**What to work on**: Retype, without changes or pictures, only the lines that begin at the one containing "ホールに全員集まって、ハロウィンパーティーをしました。 |" and end at the last line of the records that follow.

**Task data**:
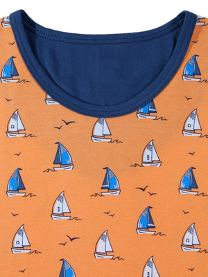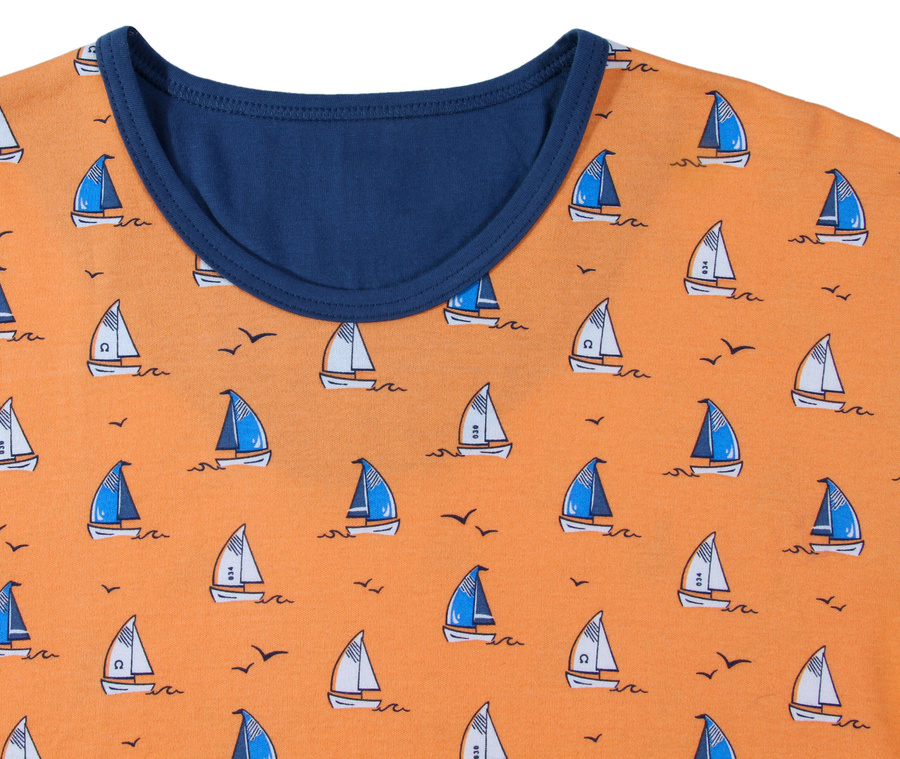 - Składa się z koszulki - T-shirt w kolorze granatowym oraz spodenek w kolorze granatowym w żaglówki idealnie dobranych do kolorystyki koszulki.
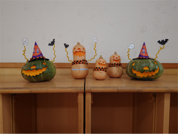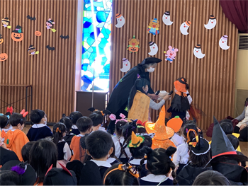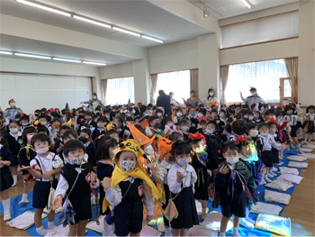 ホールに全員集まって、ハロウィンパーティーをしました。 |
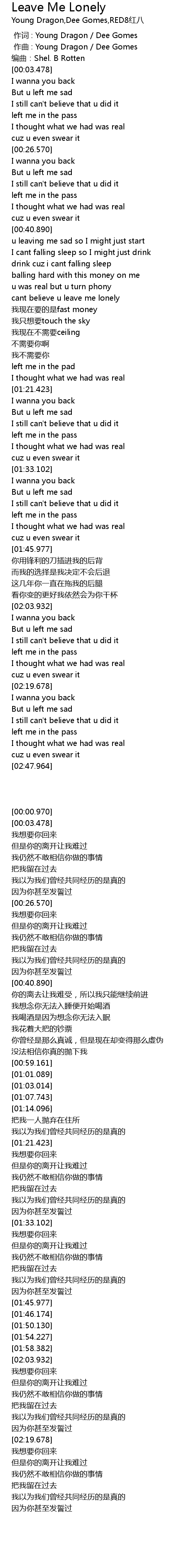 | [00:00.485] | zuo qu : Young Dragon Dee Gomes |
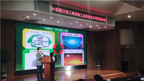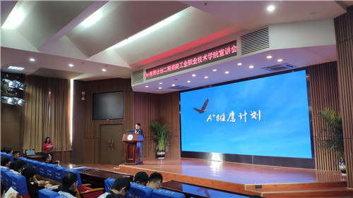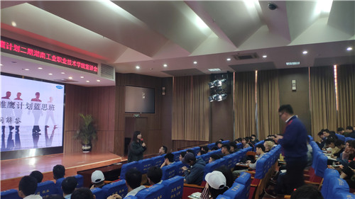 宣讲会上,贺正倩从该项目教学课程、实习安排、职业提升通道等方面进行了详细介绍;余中波则介绍了蓝思科技的主要产品和企业文化,对专班学生的工作岗位、待遇、企业课程、培养发展规划作了详细说明,并重点指出相较于社会招聘的高职毕业生,专班学生进入企业工作后的发展优势,鼓励同学们加入该项目。
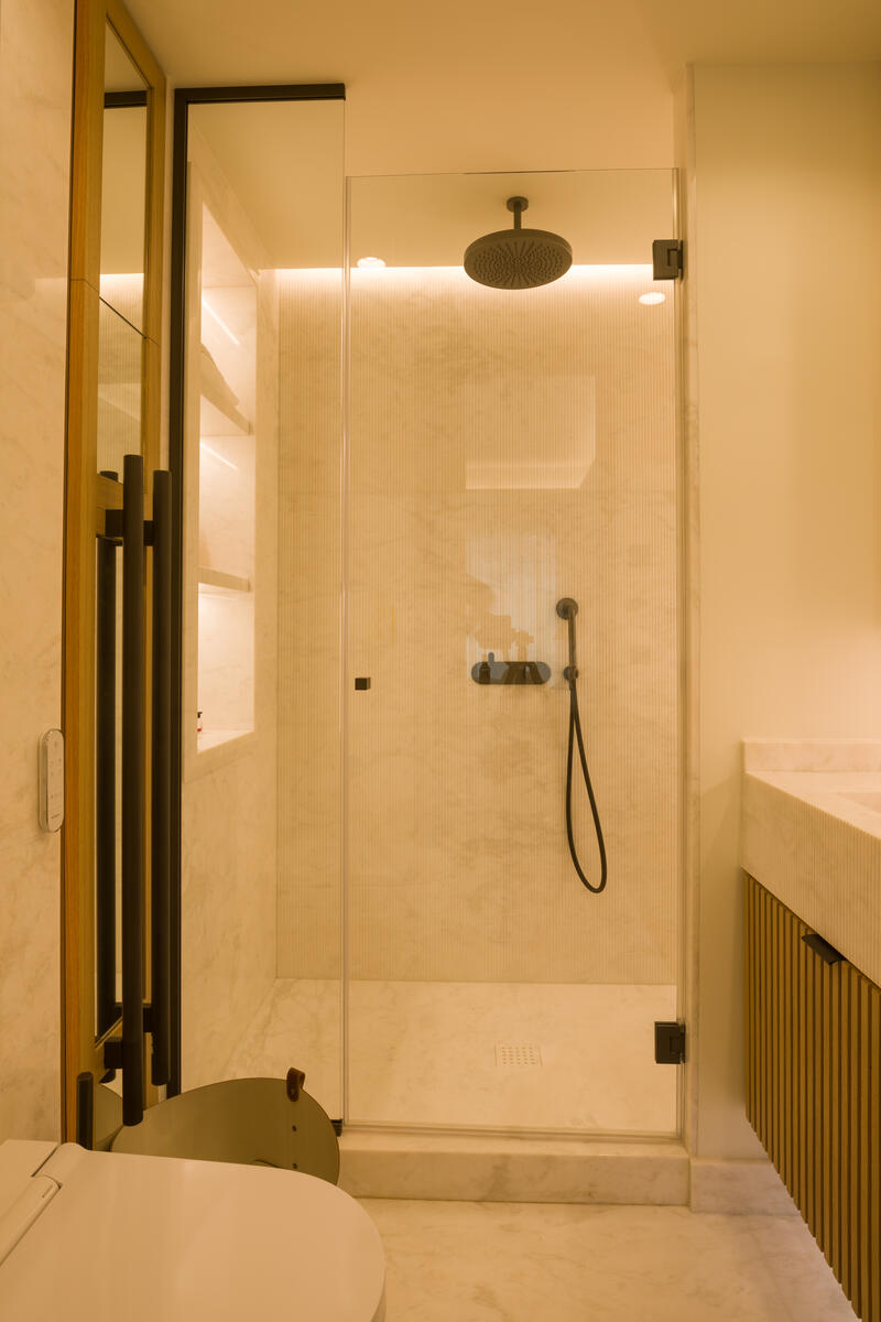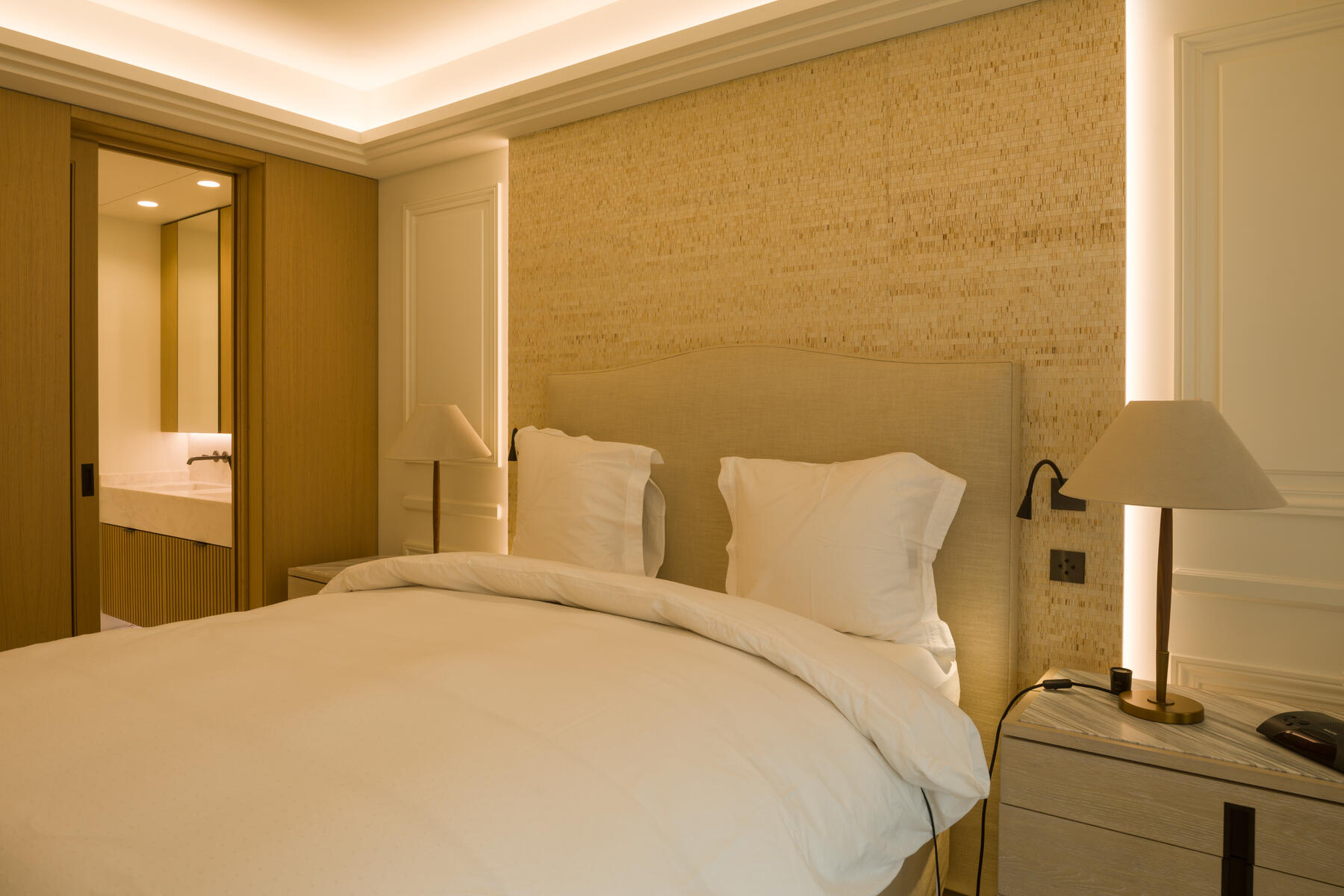 L’appartement dispose de deux chambres élégantes, chacune aménagée en suite avec sa propre salle de bain. La suite parentale, quant à elle, se distingue par son vaste dressing, parfait pour un rangement optimal. Un toilette invité est également prévu pour plus de commodité.
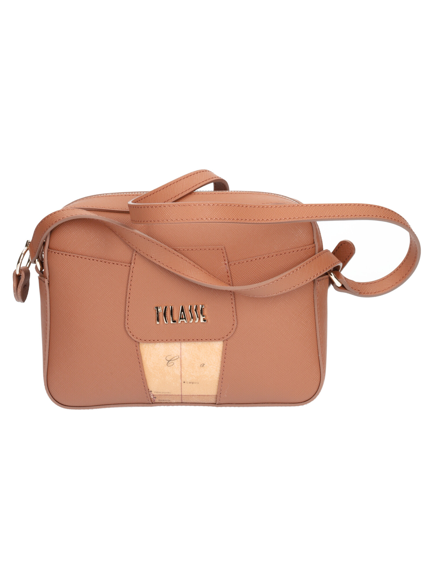 Borsa Alviero Martini 1a Classe da donna in ecopelle cuoio stampa saffiano e dettagli geo tracolla regolabile, zip centrale e taschini interni di servizio.

**Answer section**:
 ホールに全員集まって、ハロウィンパーティーをしました。 |
 | [00:00.485] | zuo qu : Young Dragon Dee Gomes |
 宣讲会上,贺正倩从该项目教学课程、实习安排、职业提升通道等方面进行了详细介绍;余中波则介绍了蓝思科技的主要产品和企业文化,对专班学生的工作岗位、待遇、企业课程、培养发展规划作了详细说明,并重点指出相较于社会招聘的高职毕业生,专班学生进入企业工作后的发展优势,鼓励同学们加入该项目。
 L’appartement dispose de deux chambres élégantes, chacune aménagée en suite avec sa propre salle de bain. La suite parentale, quant à elle, se distingue par son vaste dressing, parfait pour un rangement optimal. Un toilette invité est également prévu pour plus de commodité.
 Borsa Alviero Martini 1a Classe da donna in ecopelle cuoio stampa saffiano e dettagli geo tracolla regolabile, zip centrale e taschini interni di servizio.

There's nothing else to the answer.